Required work - Reproduce exactly the lines of this material that begin at the line with "RT称,特朗普周四在会见加拿大总理特鲁多后谈到伊朗击落美军无人机一事。" and end at the line with "近日,劲仔食品集团股份有限公", both included. Omit the pictures and everything else.

Supplied information -
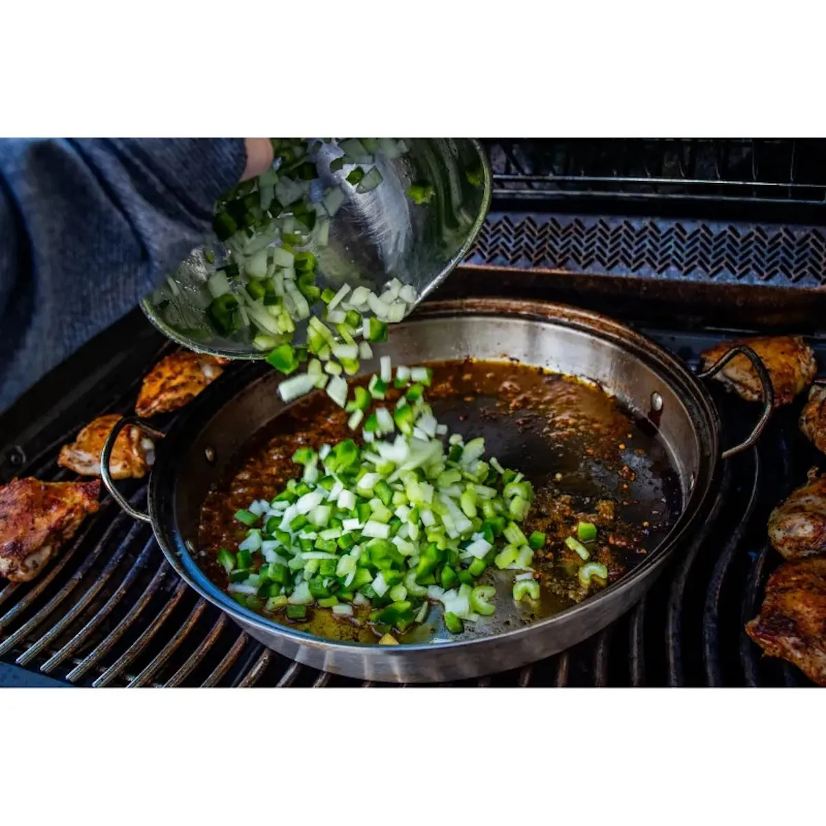 Наполните кастрюлю из нержавеющей стали бульоном, пивом, вином или соком, накройте крышкой и добавьте ароматический конус. Отверстия в конусе направляют вкусный пар внутрь курицы, а картофель и овощи готовятся на вкладыше крышки. Капающий соус придает жидкости восхитительный аромат и служит основой для восхитительного соуса. Практично: большую сковороду из нержавеющей стали можно использовать отдельно — для всех видов блюд на гриле и запеченных блюд, от яичницы до нарезанного мяса.
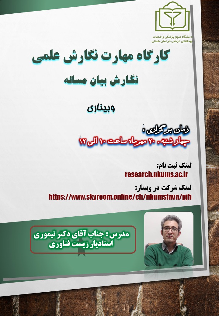 احتراماً بدینوسیله به اطلاع می رساند کارگاه آموزشی" مهارت نگارش علمي - نگارش بيان مساله" بصورت وبیناری، در تاریخ 20 مهرماه 1401 ساعت 10 الی 12 ویژه اعضای هیات علمی، پژوهشگران و دانشجویان تحصیلات تکمیلی توسط معاونت تحقیقات و فناوری دانشگاه علوم پزشکی خراسان شمالی با تدریس جناب آقاي دكتر منوچهر تيموري دكتراي بيوتكنولوژي دارويي برگزار خواهد شد. از علاقمندان دعوت می شود از طریق لینك  /https://research.nkums.ac.ir در کارگاه مذکور ثبت نام نمایند.
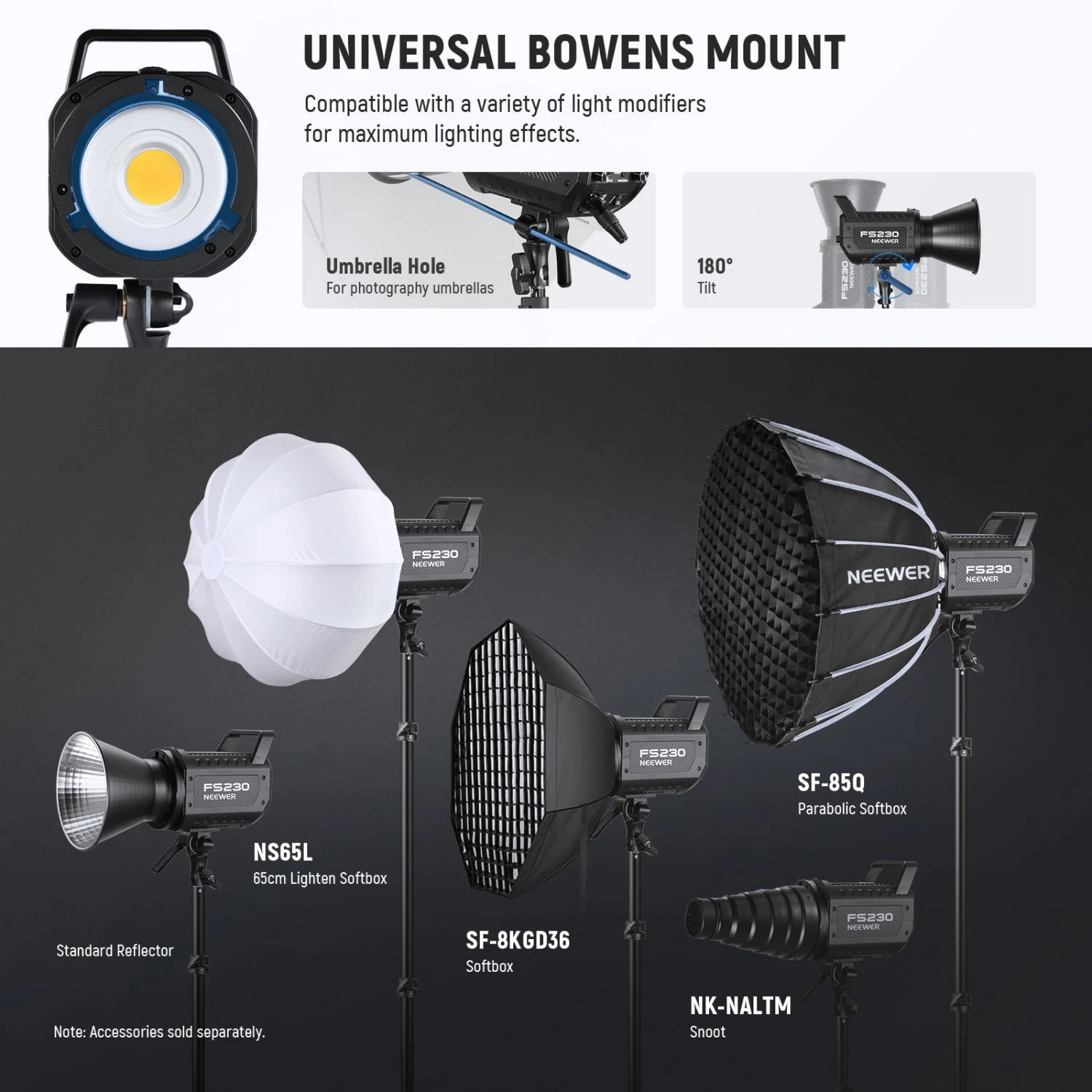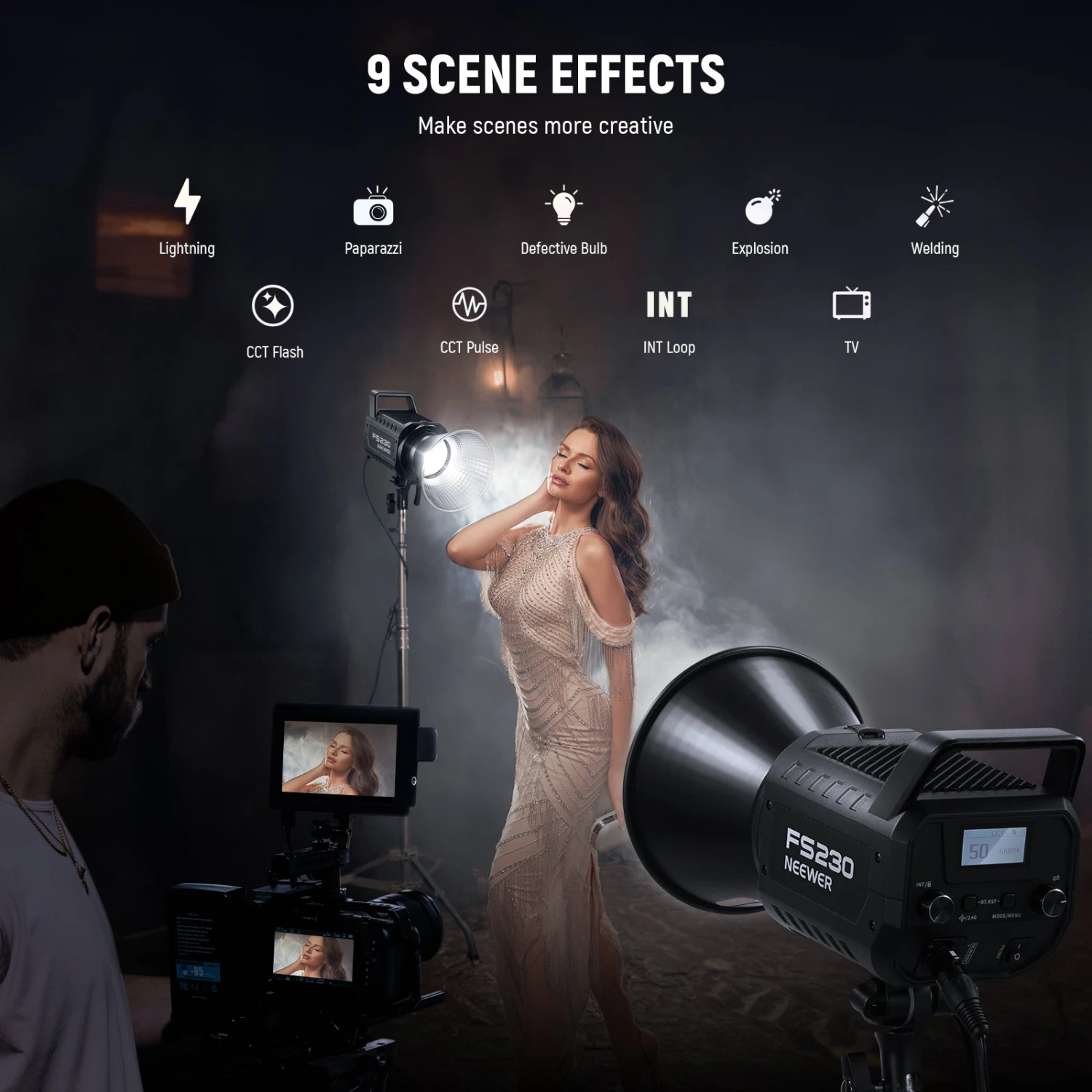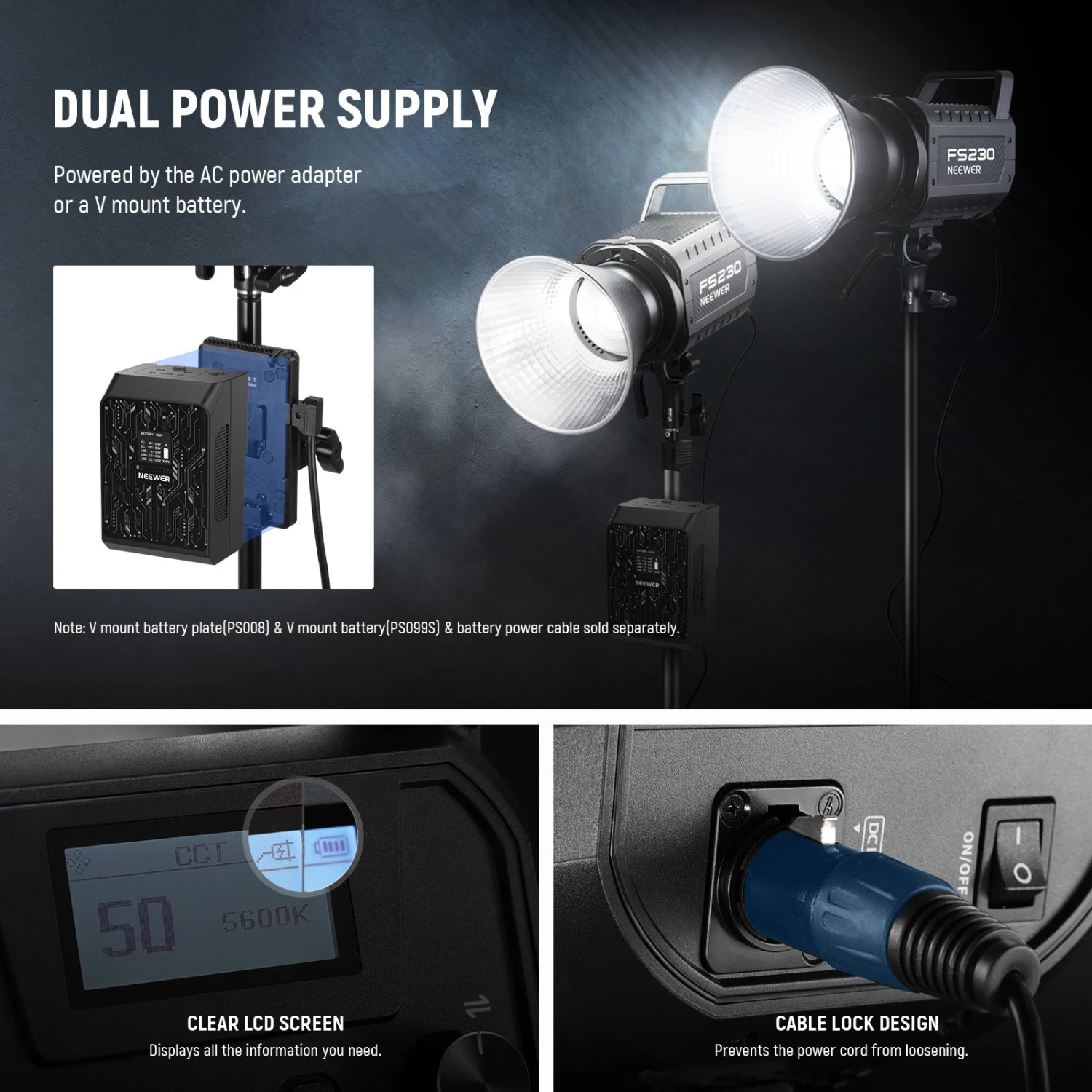 - 230W Powerful Compact Studio Light– NEEWER FS230 LED Video Light (US Plug) uses efficient COB LED for exceptional 230W output and 110000lux/m maximum illuminance. The portable spotlight weighs only 3.8lb/1.7kg, measures 7.9″x5.1″x4.7″/200x130x120mm, and has a flexible 180° tilt stand mount adapter, ideal for portrait photography lighting, interviews, YouTube/TikTok video recording, filming, live streaming, and studio production
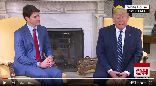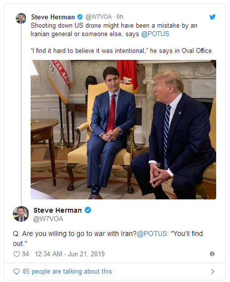 RT称,特朗普周四在会见加拿大总理特鲁多后谈到伊朗击落美军无人机一事。
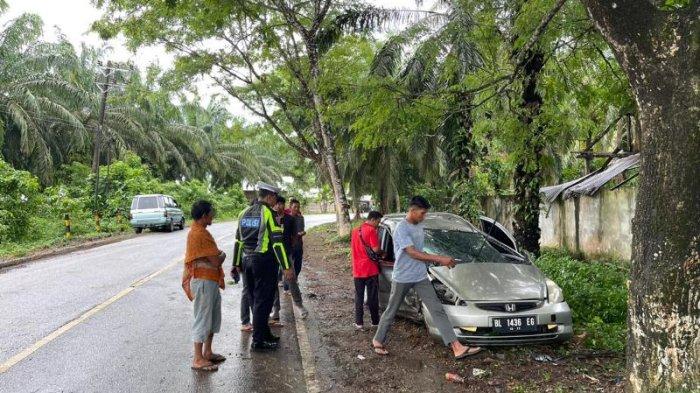 Kali ini, mobil Honda Jazz BL 1436 EG menabrak pohon di pinggir jalan tersebut.
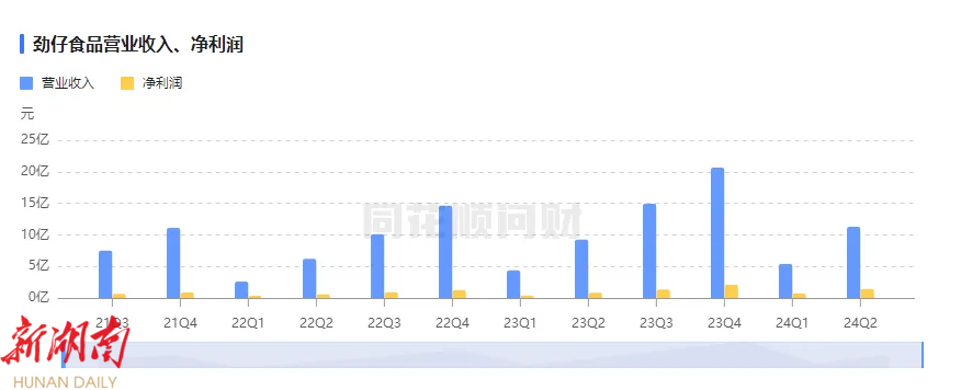近日,劲仔食品集团股份有限公司(以下简称劲仔食品)发布2024年半年报,公司实现营收11.3亿元,同比增长22.17%,净利润增长率更是高达72.41%,
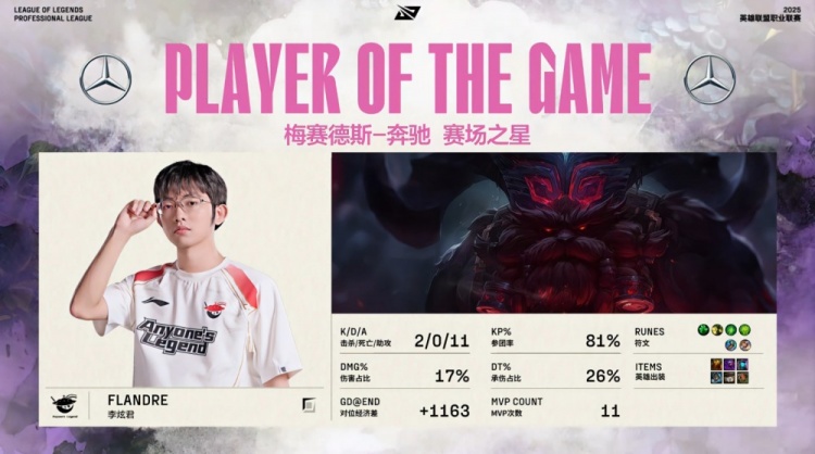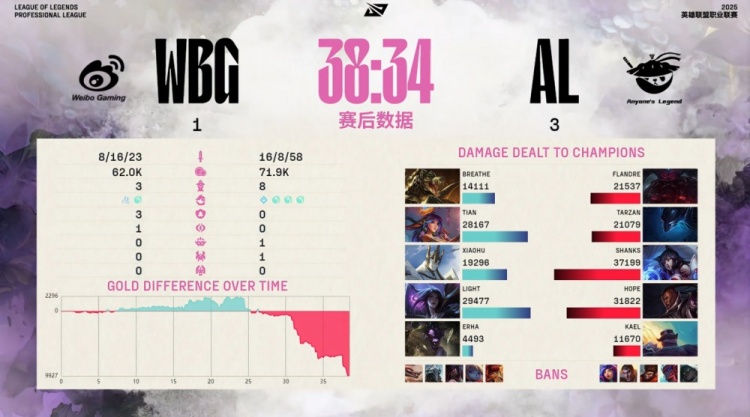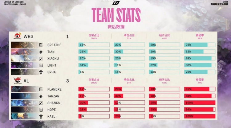 后期Breathe鳄鱼绕后开团未果,Flandre奥恩进场打散WBG阵型,Light卡莎飞后排秒掉Kael后瞬间闪现拉开未能收割,王杰卢锡安与Shanks狐狸联手打出高额输出,AL打出1换4并连控小龙与大龙扩大优势。最终龙魂团中Breathe鳄鱼瞬间被秒,Shanks狐狸完成三杀,AL打出1换5团灭WBG,一波推平WBG基地拿到比赛胜利。
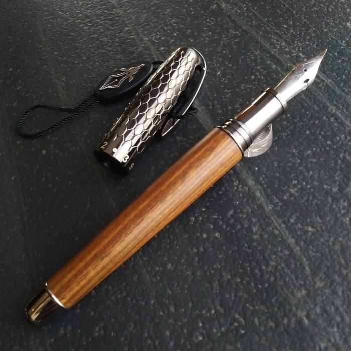 尺寸: 148mm 長, 筆蓋直徑15.9mm 筆桿直徑14.1mm 筆桿含筆尖130mm長, 筆重約43公克, 德國製吸墨器

Answer to the exercise -
 RT称,特朗普周四在会见加拿大总理特鲁多后谈到伊朗击落美军无人机一事。
 Kali ini, mobil Honda Jazz BL 1436 EG menabrak pohon di pinggir jalan tersebut.
近日,劲仔食品集团股份有限公司(以下简称劲仔食品)发布2024年半年报,公司实现营收11.3亿元,同比增长22.17%,净利润增长率更是高达72.41%,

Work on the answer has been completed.